_What the task asks_
Once the images are set aside, print the remaining lines below exactly.

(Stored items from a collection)
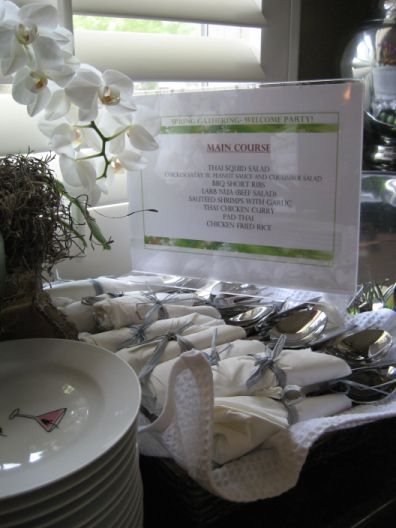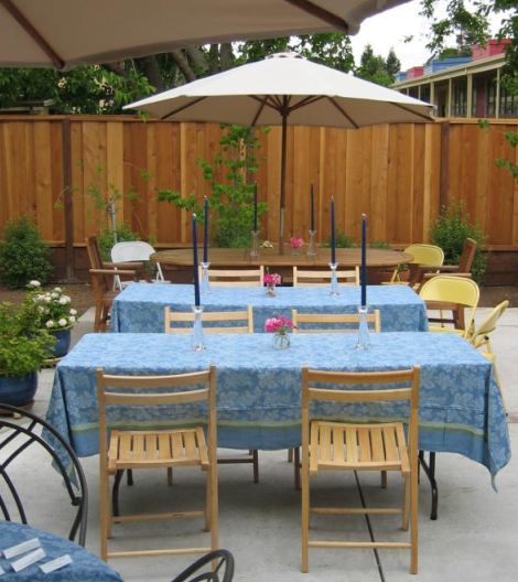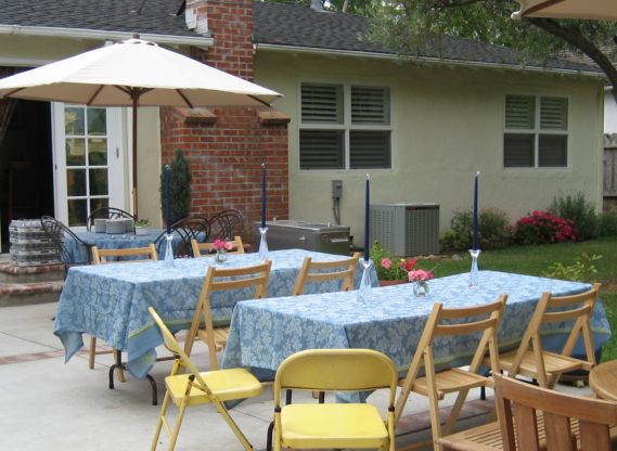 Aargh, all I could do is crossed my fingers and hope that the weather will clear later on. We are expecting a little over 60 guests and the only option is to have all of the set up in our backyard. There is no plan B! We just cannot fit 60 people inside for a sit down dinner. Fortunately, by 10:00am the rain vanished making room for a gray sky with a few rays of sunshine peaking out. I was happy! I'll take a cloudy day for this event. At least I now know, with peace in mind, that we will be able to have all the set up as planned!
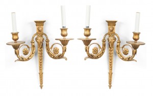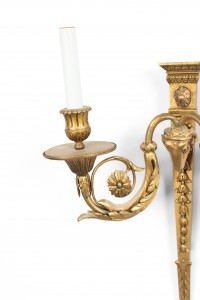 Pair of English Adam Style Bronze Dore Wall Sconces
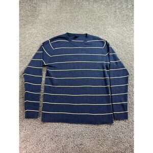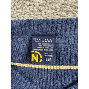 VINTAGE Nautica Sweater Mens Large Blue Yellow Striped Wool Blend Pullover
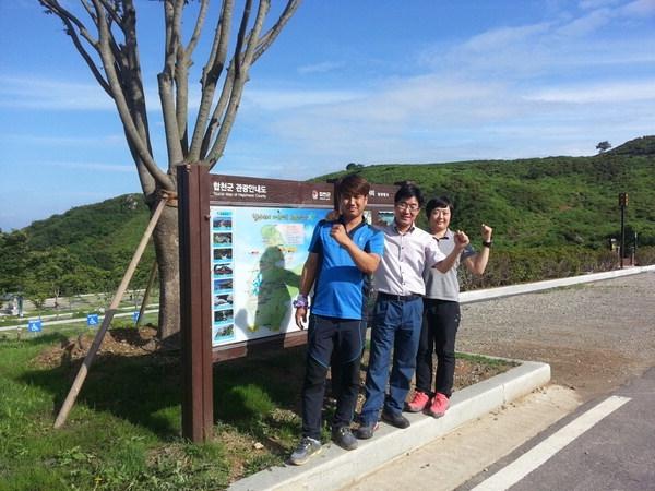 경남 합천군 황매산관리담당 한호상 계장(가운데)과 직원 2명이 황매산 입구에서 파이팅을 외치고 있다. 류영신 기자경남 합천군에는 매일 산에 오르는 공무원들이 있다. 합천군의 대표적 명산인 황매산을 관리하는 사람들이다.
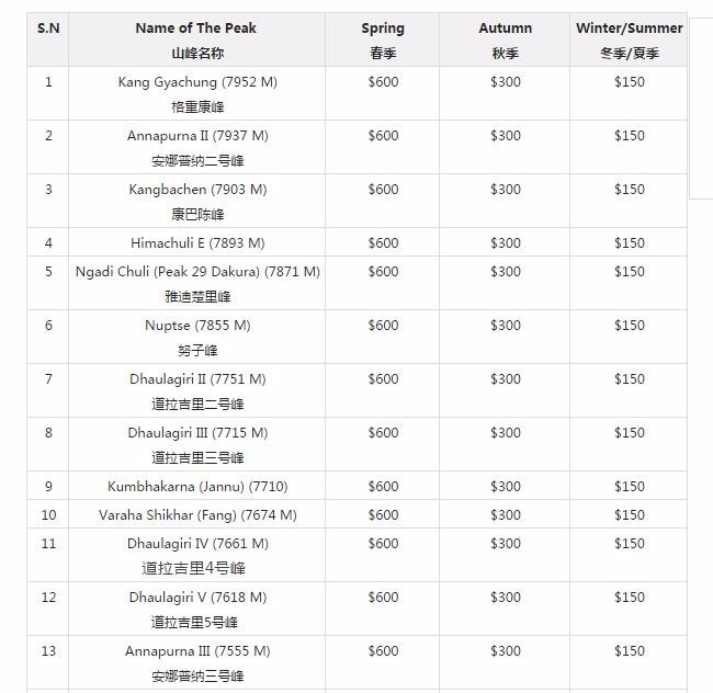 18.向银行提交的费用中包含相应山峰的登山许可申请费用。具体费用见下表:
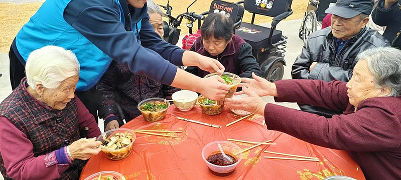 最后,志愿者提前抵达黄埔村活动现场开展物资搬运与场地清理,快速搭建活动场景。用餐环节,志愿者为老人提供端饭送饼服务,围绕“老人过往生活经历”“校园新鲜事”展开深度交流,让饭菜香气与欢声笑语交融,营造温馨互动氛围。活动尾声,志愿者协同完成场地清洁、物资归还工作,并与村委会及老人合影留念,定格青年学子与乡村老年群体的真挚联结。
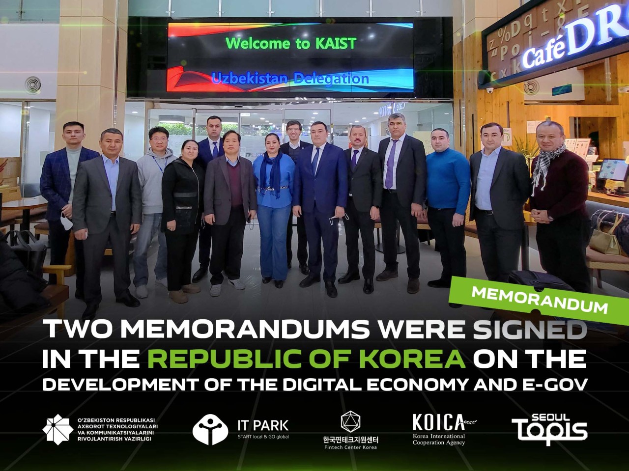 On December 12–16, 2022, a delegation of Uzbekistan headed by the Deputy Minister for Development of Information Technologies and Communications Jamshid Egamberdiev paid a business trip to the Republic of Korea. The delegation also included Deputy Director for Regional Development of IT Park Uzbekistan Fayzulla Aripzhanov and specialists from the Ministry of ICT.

_Reply_
 Aargh, all I could do is crossed my fingers and hope that the weather will clear later on. We are expecting a little over 60 guests and the only option is to have all of the set up in our backyard. There is no plan B! We just cannot fit 60 people inside for a sit down dinner. Fortunately, by 10:00am the rain vanished making room for a gray sky with a few rays of sunshine peaking out. I was happy! I'll take a cloudy day for this event. At least I now know, with peace in mind, that we will be able to have all the set up as planned!
 Pair of English Adam Style Bronze Dore Wall Sconces
 VINTAGE Nautica Sweater Mens Large Blue Yellow Striped Wool Blend Pullover
 경남 합천군 황매산관리담당 한호상 계장(가운데)과 직원 2명이 황매산 입구에서 파이팅을 외치고 있다. 류영신 기자경남 합천군에는 매일 산에 오르는 공무원들이 있다. 합천군의 대표적 명산인 황매산을 관리하는 사람들이다.
 18.向银行提交的费用中包含相应山峰的登山许可申请费用。具体费用见下表:
 最后,志愿者提前抵达黄埔村活动现场开展物资搬运与场地清理,快速搭建活动场景。用餐环节,志愿者为老人提供端饭送饼服务,围绕“老人过往生活经历”“校园新鲜事”展开深度交流,让饭菜香气与欢声笑语交融,营造温馨互动氛围。活动尾声,志愿者协同完成场地清洁、物资归还工作,并与村委会及老人合影留念,定格青年学子与乡村老年群体的真挚联结。
 On December 12–16, 2022, a delegation of Uzbekistan headed by the Deputy Minister for Development of Information Technologies and Communications Jamshid Egamberdiev paid a business trip to the Republic of Korea. The delegation also included Deputy Director for Regional Development of IT Park Uzbekistan Fayzulla Aripzhanov and specialists from the Ministry of ICT.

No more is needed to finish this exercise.